Cringely followed the series with Nerds 2.0.1 (titled Glory of the Geeks in the UK), a history of the Internet to 1998. In 2012, Cringely released the full interview that Steve Jobs gave in 1995 for Triumph of the Nerds as Steve Jobs: The Lost Interview.

==Episodes==
As broadcast by Channel 4:

- Impressing Their Friends (14 April 1996)
- Riding the Bear (21 April 1996)
- Great Artists Steal (28 April 1996)

==Interviewees==

- Douglas Adams
- Paul Allen
- Bill Atkinson
- Steve Ballmer
- Dan Bricklin
- David Bunnell
- Rod Canion
- Esther Dyson
- Larry Ellison
- Chris Espinosa
- Gordon Eubanks
- Lee Felsenstein
- Bob Frankston
- Harry Garland
- Bill Gates
- Adele Goldberg
- Andy Hertzfeld
- Steve Jobs
- Gary Kildall
- Bill Lowe
- Roger Melen
- Bob Metcalfe
- Gordon Moore
- Tim Paterson
- Jeff Raikes
- Ed Roberts
- Arthur Rock
- John Sculley
- Charles Simonyi
- Bob Taylor
- Larry Tesler
- John Warnock
- Jim Warren
- Steve Wozniak

==Reception and influence==
Triumph of the Nerds was a successful series and Cringely noted in a 1998 interview that it was "a stalwart of [PBS] pledge drives all across America."

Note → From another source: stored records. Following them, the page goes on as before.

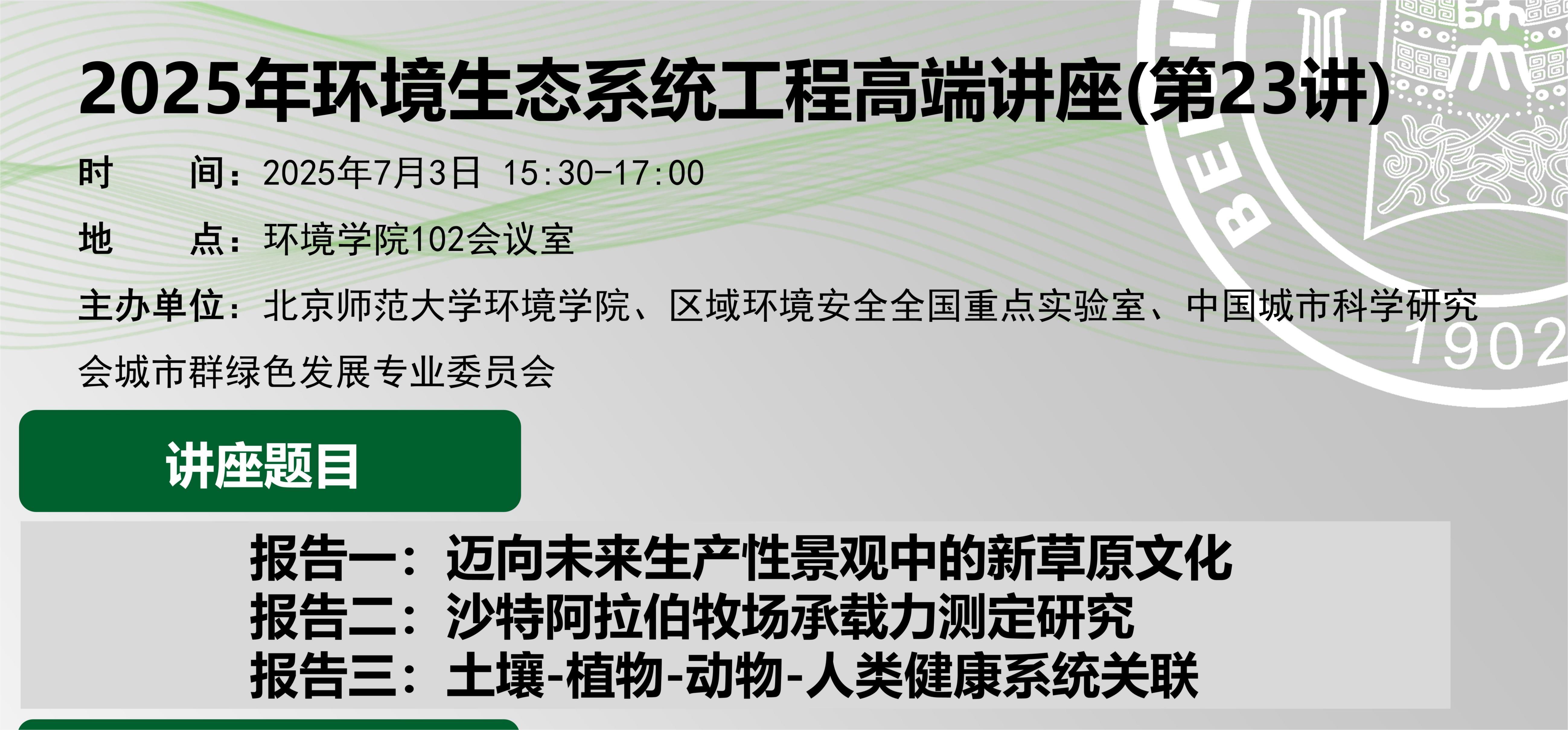 2025年环境生态系统工程高端讲座(第23讲)
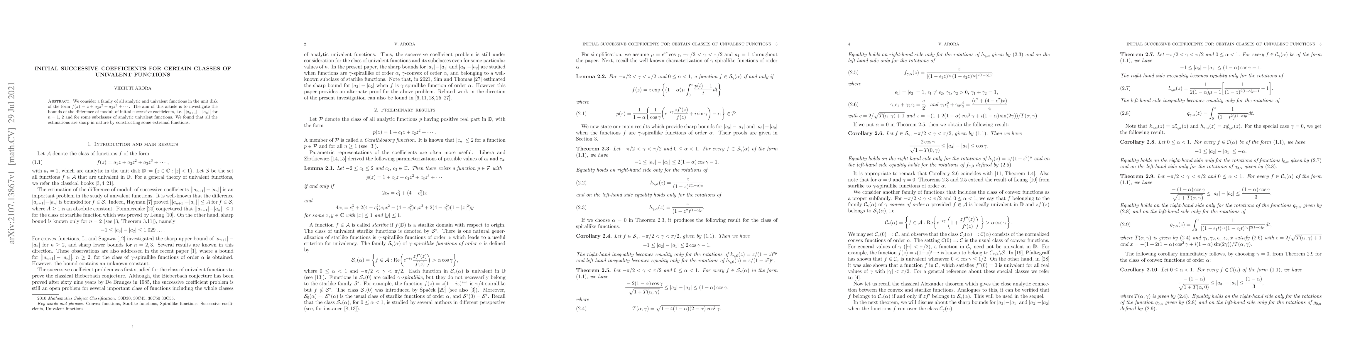This paper investigates the bounds of the difference of moduli of initial successive coefficients for certain univalent functions in the unit disk, focusing on subclasses of analytic univalent functions. The authors found that their estimations are sharp, demonstrated through the construction of extremal functions.
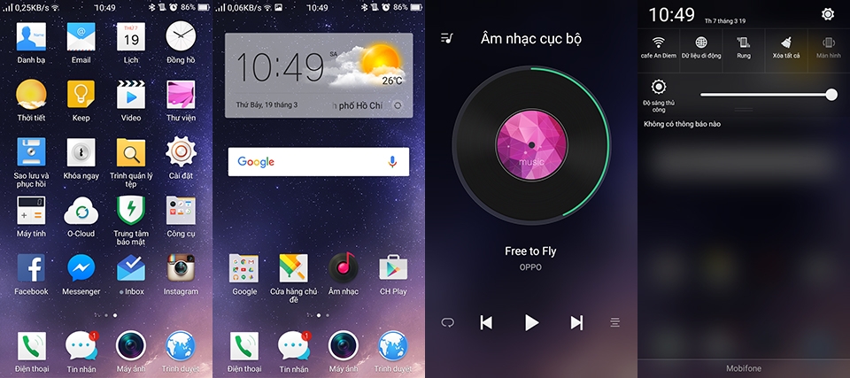Với thông số kỹ thuật như vậy, OPPO F1 dễ dàng đáp ứng được tất cả yêu cầu của người dùng trên một chiếc smartphone, từ các thao tác cơ bản như duyệt web, lượt Facebook, trả lời mail cho đến những tác vụ nặng như chơi game yêu cầu đồ họa cao, đa nhiệm,... Tất cả đều được OPPO F1 xử lý một cách trơn tru và vô cùng mượt mà. Trong quá trình trải nghiệm, máy không hề có hiện tượng giật, lag hay bị thoát ứng dụng một cách đột ngột.
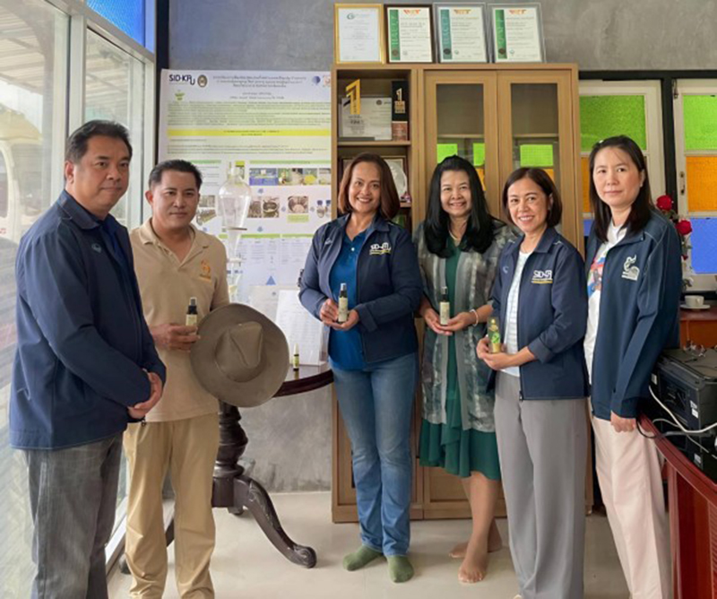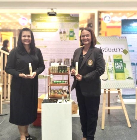 วว. NIA มรภ.กาญจนบุรี และบริษัทเลม่อนโกลด์ฯ ร่วมสนับสนุนเศรษฐกิจ BCG พัฒนาผลิตภัณฑสเปรยใหความสดชื่น บํารุงหนาจากผลผลิตพลอยไดกระบวนการผลิตน้ำมะนาวโดยใชเทคโนโลยีไมโครอิมัลชั่น
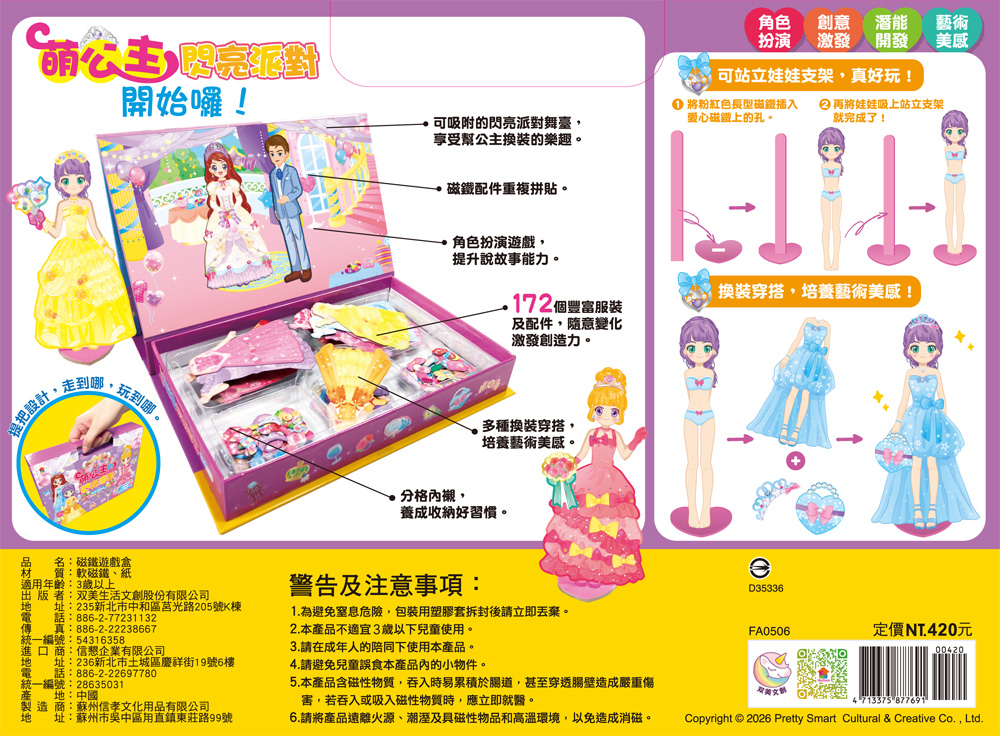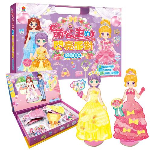 內含: 磁鐵換裝娃娃4個+服裝配件磁鐵172個+閃亮派對舞臺1個
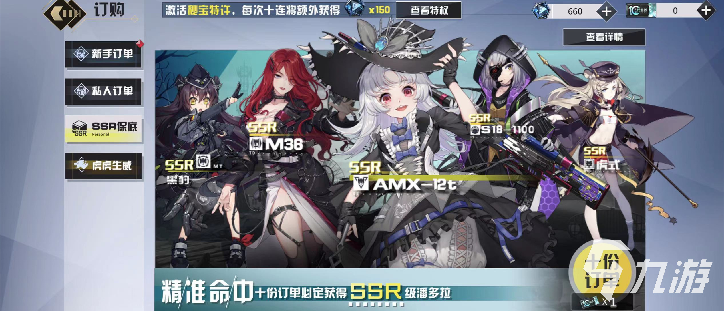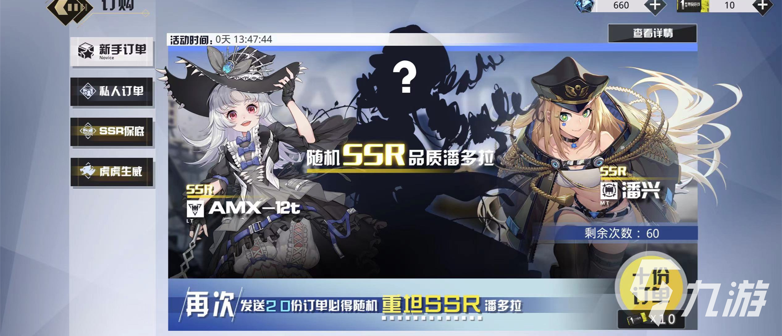 AMX12T角色的獲取方式非常簡單,目前來看只有兩種途徑可以獲取,第一種獲取途徑只需要玩家們在新手訂單里面進(jìn)行獲取,請小伙伴前往主界面右上方的訂購板塊進(jìn)入,里面有四種板塊活動,有新手訂單,私人訂單,SSR保底以及虎虎生威,點擊新手訂單板塊就能看見AMX12T人物角色,需要消耗10個代金券來激活十份訂單按鈕。
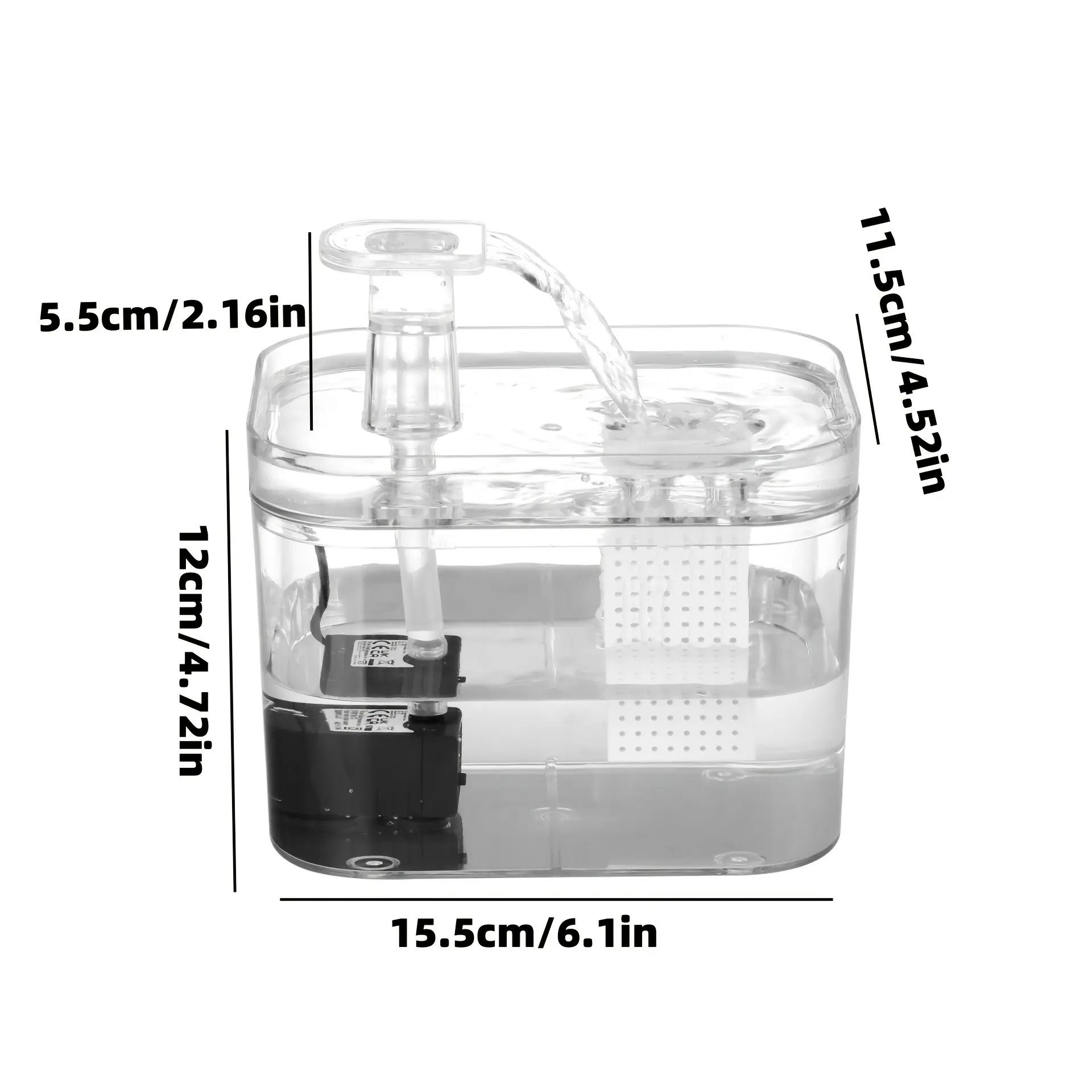 This cat water dispenser is designed to provide circulating, filtered drinking water for pets. The 1.5L reservoir supports routine refills while keeping water available throughout the day. An enclosed internal design helps route water through the circulation and filtration path. Use with compatible replacement filters as needed for ongoing use.

Steve Wozniak discussed the film on the letters portion of his official website stating: "I liked Triumph of the Nerds. It was one of the best shows ever created of that kind. Everyone has the same opinion, so why ask me? I'm not a history expert and couldn't tell you what it missed or got wrong, but it seemed extremely thorough and insightful."

Actor Noah Wyle has also stated that after initially resisting the role, he finally agreed to portray Steve Jobs in the 1999 film Pirates of Silicon Valley after viewing Triumph of the Nerds.